Selvaraj began by sharing the challenges he faced in the early stages of his implant career, and his struggle with managing hard and soft tissues. A bone graft will not survive unless the soft tissue is stable – with a minimum of 2mm of soft tissue required. The choice of bone graft material is important, with autogenous bone the gold standard, and allograft and xenograft options for slow resorption. He highlighted the importance of choosing the right membrane for each defect, and the benefits of a non-resorbable membrane like PTFE. Selvaraj recommends planning treatment according to the individual tooth, meeting the needs of the bone type. He explained that, by following this, he has been able to offer his patients a five-year guarantee with every bone graft.


Intramucosal implants

Dr Amit Kotecha’s session “Intramucosal implants: consent and case planning” discussed using thin dental implants which allow space for soft tissue, like the Prama implant from Sweden & Martina. Amit highlighted that patients are paying for their improved smile, and restored dignity, so it’s important to choose a predictable treatment approach. Further to this, he discussed the importance of taking complete, accurate, and contemporaneous notes, ensuring that you offer patients all of the available options, even if it means referring them to another professional. He discussed disclosing the risks of doing nothing for a patient with tooth loss – sharing that he shows his patients images of bone loss, to ensure they get a true visual understanding of the consequences. Amit highlighted that timing is everything when providing dental implants as, if treatment is provided prior to structure loss, the patient journey is far easier. In terms of alternative treatment options, it’s important to explain to patients that dentures compress the soft tissue, eventually leading to bone loss due to reduced blood flow. Amit also commented that, while implants are often advertised as having a life of 10-12 years, results can be better than this. He showed a case example of an all-on-6 which lasted 26 years with no problems. The patient described the result as a miracle.

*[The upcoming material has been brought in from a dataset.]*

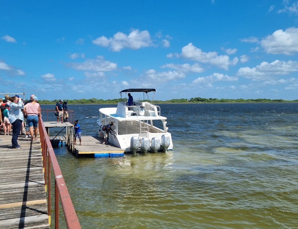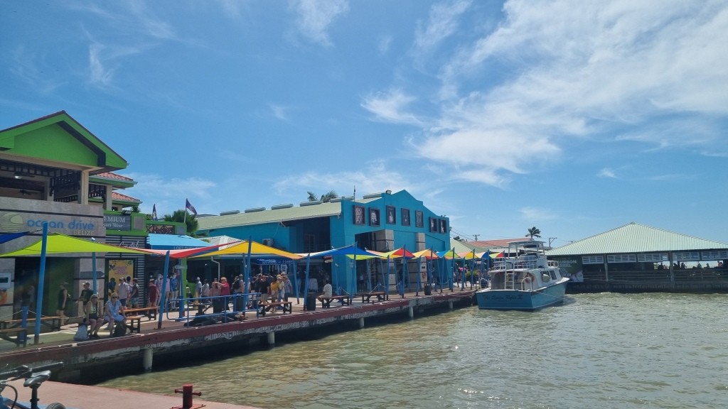 Wir kommen am Morgen in Belize an. Da vor Belize ein grosses Riff lagert muss die Mein Schiff 1 hier vor Anker gehen und es ist tendern angesagt. Wir haben wieder einen Ausflug mit Tui Cruises gebucht, Kulturelles Lamanai mit Bootsfahrt. Wir sind einen Tag früher als geplant in Belize, aber das hat alles Tui Cruises umgebucht. Mit dem Tenderboot geht es zuerst zum Hafen von Belize City. Das Einsteigen ins Tenderboot gestaltet sich etwas schwierig, da die kleinen Boote ziemlich schaukeln. Jeweils 2 Besatzungsmitglieder hieven jeden Passagier ins Boot. Das klappt ganz gut und die Fahrt dauert ca. 30 Minuten. Am Hafen von Belize werden die einzelnen Gruppen wieder auf die Busse verteilt. Wir fahren mit dem Bus etwa 1 1/2 Stunden ins Landesinnere zu einem Resort am Fluss. Von dort geht die rasante Fahrt mit einem Schnellboot dem Fluss entlang bis zur Anlegestelle Lamanai.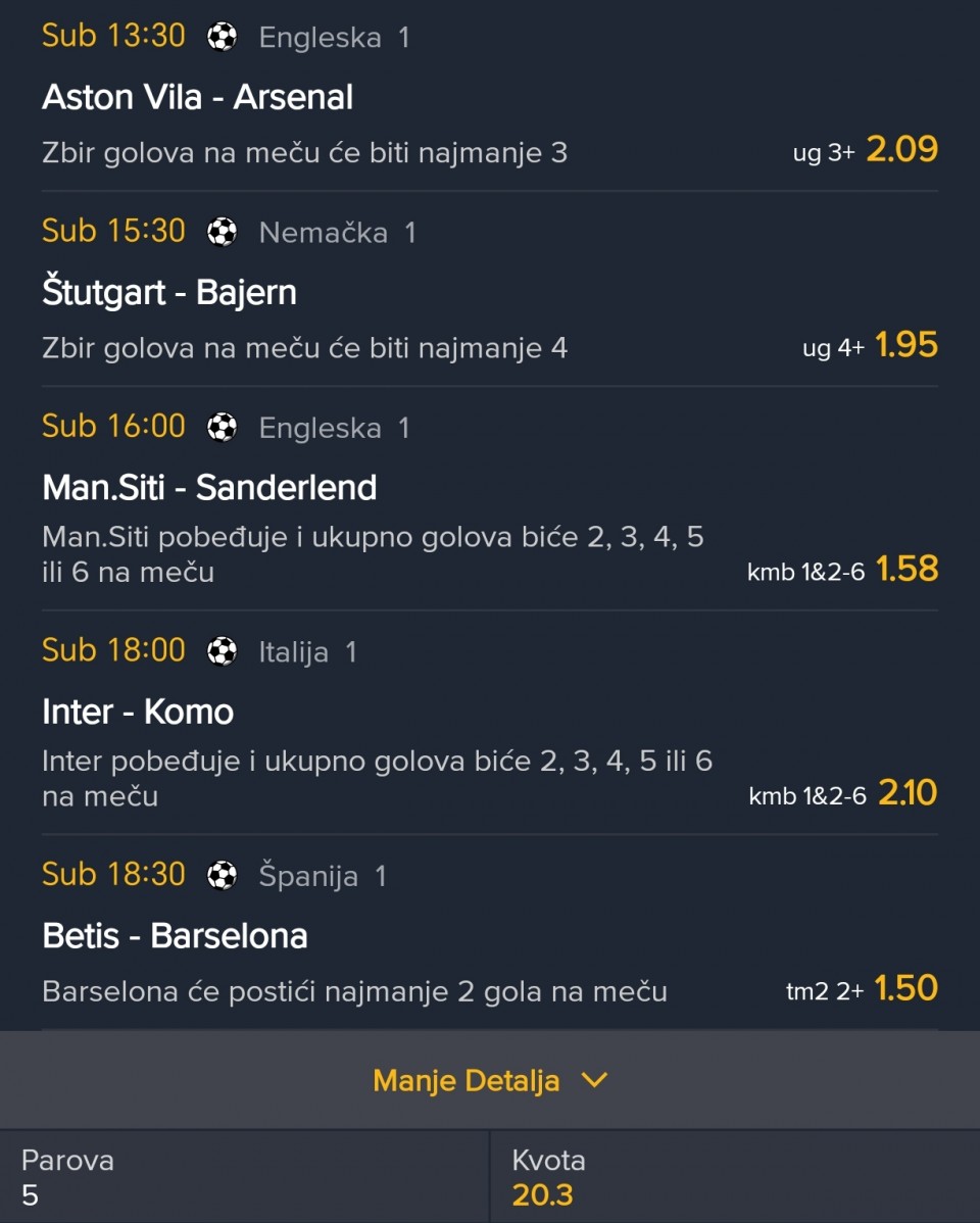 Za danas sjajna ponuda sto se fudbala tice, pa dok ne krenem na posao cu postaviti malo vise analiza za one koji bi probrali nesto najsigurnije po analizi !

Dr Kevin Allanam from Prodental was among the audience for the lecture, about which they commented:

“Amit described his cases well. I will use all of the important information I have learnt in this lecture, and I would highly recommend attending BDIA Dental Showcase.”


Digital implant workflows

Dr Douglas Watt discussed the benefits of a digital workflow in his session “Digital implant retained dentures”. Doug explored the relationship between traditional and digital workflows in a world where, often, everything is intraoral scanner based. He highlighted that, in cases where a traditional impression is taken, the workflow can still be digitised, by scanning the impression itself. A digital workflow means that dental professionals don’t need to re-do anything should a denture need remaking for any reason. Doug described his digital workflow and decision making, including his preference for milling over 3D printing, and the use of a surgical guide for every procedure to ensure predictability.

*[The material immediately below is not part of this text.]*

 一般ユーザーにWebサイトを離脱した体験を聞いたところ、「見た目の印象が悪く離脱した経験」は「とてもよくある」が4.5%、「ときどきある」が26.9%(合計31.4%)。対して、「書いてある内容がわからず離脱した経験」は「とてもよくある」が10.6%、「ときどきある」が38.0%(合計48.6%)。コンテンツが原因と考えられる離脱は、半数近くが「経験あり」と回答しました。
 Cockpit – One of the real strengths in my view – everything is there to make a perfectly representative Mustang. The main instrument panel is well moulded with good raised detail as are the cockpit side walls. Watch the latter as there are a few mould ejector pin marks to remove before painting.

Minimally invasive approaches

In his session “Minimally invasive implant dentistry” Henri Diederich discussed the importance of changing the implants for the anatomy rather than changing the anatomy for the implants. Focusing particularly on patients who have limited bone, Henri highlighted the use of zygomatic implants, and thin paranasal implants. When patients have a very narrow crest, using thin implants can help to avoid bone grafting/ridge splitting, and cause less damage. Henri went on to explain the Bone Truss Bridge (BTB) concept. The technique uses more implants for improved outcomes. Henri talked through several cases which included younger patients between 40 and 60 who were looking for long-term solutions.

In attendance at Henri’s session, Dr Anusha Rudresh from Alliance Dental commented:

“My participation in the lecture gave me various different approaches to treatment planning that can help me when explaining to patients.”